Page MenuHomePhabricator

Create a parser function to get the direction of a language or script
Open, Needs TriagePublicFeature

Description

Feature summary (what you would like to be able to do and where):

There should be a way for pages (typically templates) to easily get the direction for a language code or script code.

For example, there could be a parser function such as {{#dir:...}}:

  • {{#dir:en}} would produce "ltr".
  • {{#dir:ar}} would produce "rtl".
  • {{#dir:Arab}} would produce "rtl".
  • {{#dir:und-arab}} would produce "rtl".

If the input is a language code without a script code, it would return the direction MediaWiki has for that language.

If the input is a language code with a script code, or just a script code, it would return the direction for that script code.

MediaWiki does not currently have data about scripts, but it could get it from CLDR, which provides data about scripts generated from Unicode data (main repository, JSON repository).

They currently list 35 scripts as rtl: Adlm Arab Armi Avst Chrs Cprt Elym Hatr Hebr Hung Khar Lydi Mand Mani Mend Merc Mero Narb Nbat Nkoo Orkh Ougr Palm Phli Phlp Phnx Prti Rohg Samr Sarb Sogd Sogo Syrc Thaa Yezi

There are also a few variants of those scripts which don't get included in CLDR's data: Aran, Syre, Syrj, Syrn

Use case(s) (list the steps that you performed to discover that problem, and describe the actual underlying problem which you want to solve. Do not describe only a solution):

Wiki pages often want to include words in other languages.

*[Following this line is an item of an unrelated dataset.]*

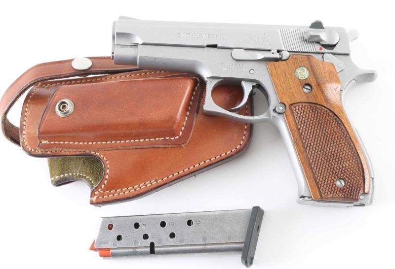 'Second Generation' American made double action semi-automatic pistol chambered in 9x19mm. Features stainless steel construction, 4" barrel, full-length guide rod, serrated ramp front sight, blued square notch rear sight in dovetail, smooth trigger, serrated round hammer spur, thumb safety/decocking lever on both sides of the slide, magazine disconnect safety, push button magazine release, factory 8 round magazine, knurled alloy backstrap and two-piece checkered walnut grips w/ silver S&W medallions. Bore is very good condition. Metal surfaces are very good with many small scratches. Rear sight shows bare metal on edges. Grips are very good condition, with small chip to right panel, medallions showing some green color. Includes good condition Safariland tan leather belt holster and spare magazine. Condition is near NRA Excellent *** Modern Firearm ***

Multilingual wikis often have translatable elements on pages and need to make sure the direction is set correctly.

There are many wikis with templates like Template:Dir (https://www.wikidata.org/wiki/Q14412446), most of which hardcode an outdated list of language codes.

Lots of wikis have modules with lists of rtl scripts (global search) and functions to return the direction (global search).

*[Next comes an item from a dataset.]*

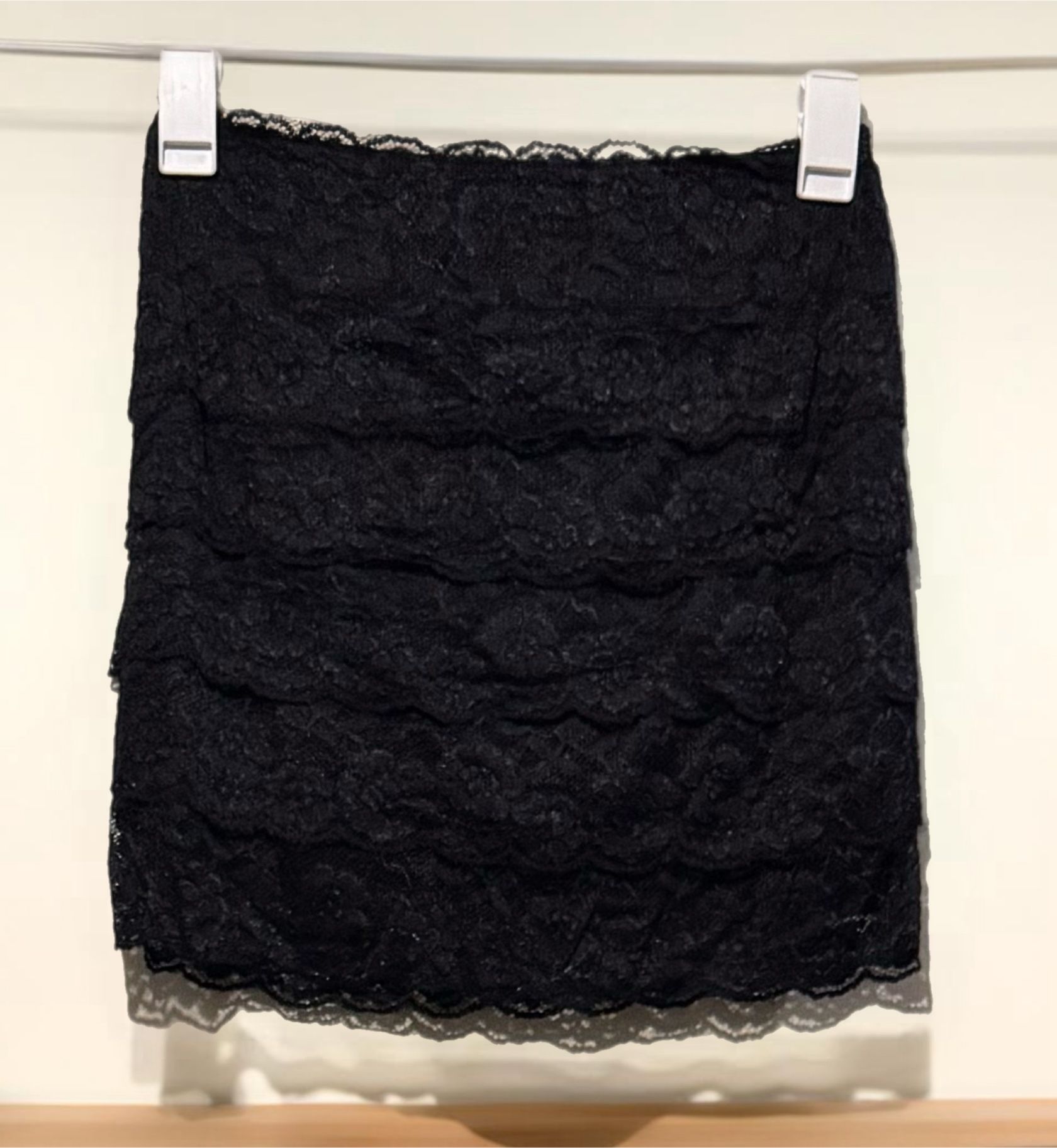 ~EUC, size M, 16” length ~women’s black tiered lace mini skirt, pencil design, lined, elastic waist, pull on ~machine wash cold/hang dry ~smoke free/dog friendly home ~POOS FCFS ~shipping/bundling, pickup or meet locally, or invoice with Venmo ~$15 or best offer

mw.language:getDir() in Lua is often not suitable because it's not easily accessible from a template without first writing a module, it only supports the languages included in MediaWiki, and it's easy to run into the limit on how many times you can use it on a single page.

Benefits (why should this be implemented?):

It would reduce the amount of maintenance needed and improve consistency across wikis (wikis would not need lists of rtl scripts, if a new rtl script is added to Unicode, it would only need to be added to one place for the data to become available to all wikis).

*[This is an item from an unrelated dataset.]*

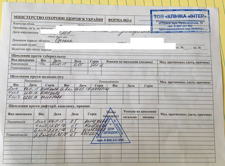 Дмитрий пишет, что в одной из амбулаторий Одессы, 12 февраля, родители 3 летнего ребенка принесли справку о вакцинации от ООО Клиника “Интер”, которая располагается по адресу Прохоровская, 79, которого не существует. В Запорожье эта клиника находится по адресу Рекордная, 43, которого тоже не существует.

Supporting script codes and languages with script codes would improve support for languages not yet included in MediaWiki.

It might also be more efficient to fetch the direction from the script (when provided) by looking up scripts in a relatively short list of script codes.

Note {{Dir}} is currently the most used template in Commons. See also: T343131: Commons database is growing way too fast

Event Timeline

mw.language:getDir() in Lua is often not suitable because […] it's easy to run into the limit on how many times you can use it on a single page.

Every language counts only once, so as long as the same language is queried again and again, the Lua solution won’t run into the limit either. On the other hand, the limit is there for a reason, so a parser function solution will probably also have a limit. This is not to say that there should be no parser function, but this particular argument isn’t very strong.

(By the way, since dd74abb853ba56aef99b7c9d09dd02bdcb88129b the limit on Wikimedia is 200, so it’s not really likely that one accidentally hits the limit, unless one wants to load all languages on a page.)

mw.language:getDir() in Lua is often not suitable because […] it only supports the languages included in MediaWiki […].

What is the use case for getting directionality of languages not included in MediaWiki? Multilingual wikis’ contents are usually available only in languages included in MediaWiki.

mw.language:getDir() in Lua is often not suitable because it's not easily accessible from a template without first writing a module […].

This is true; using a module would only worsen T343131.

Multilingual wikis’ contents are usually available only in languages included in MediaWiki.

See also: T202794: Many more languages need to be added to Multilingual Wikisource (mul.ws)

Indeed, T202794 uses a different definition of “languages included in MediaWiki” than what I was thinking of:

  • Commons usually uses languages that can be selected in the preferences (have MediaWiki translations), since it displays the appropriate translation based on the language selected in the preferences.
  • Multilingual Wikisource wants to also use languages that are long extinct and thus don’t make much sense in the preferences (don’t have MediaWiki translations). However, they still need to be included in MediaWiki in one way or the other: for example, to be able to display languages using that language with the right directionality.

I looked up the source code, and Scribunto is actually extremely permissive as to what languages it accepts: for example, mw.language.new('fklflmwlmfkmf'):isRTL() happily returns false without throwing any error. So if a language is included in MediaWiki by any definition (including the definition used by mulwikisource), Scribunto will handle it and return its directionality. If it’s not included at all, a magic word won’t work either.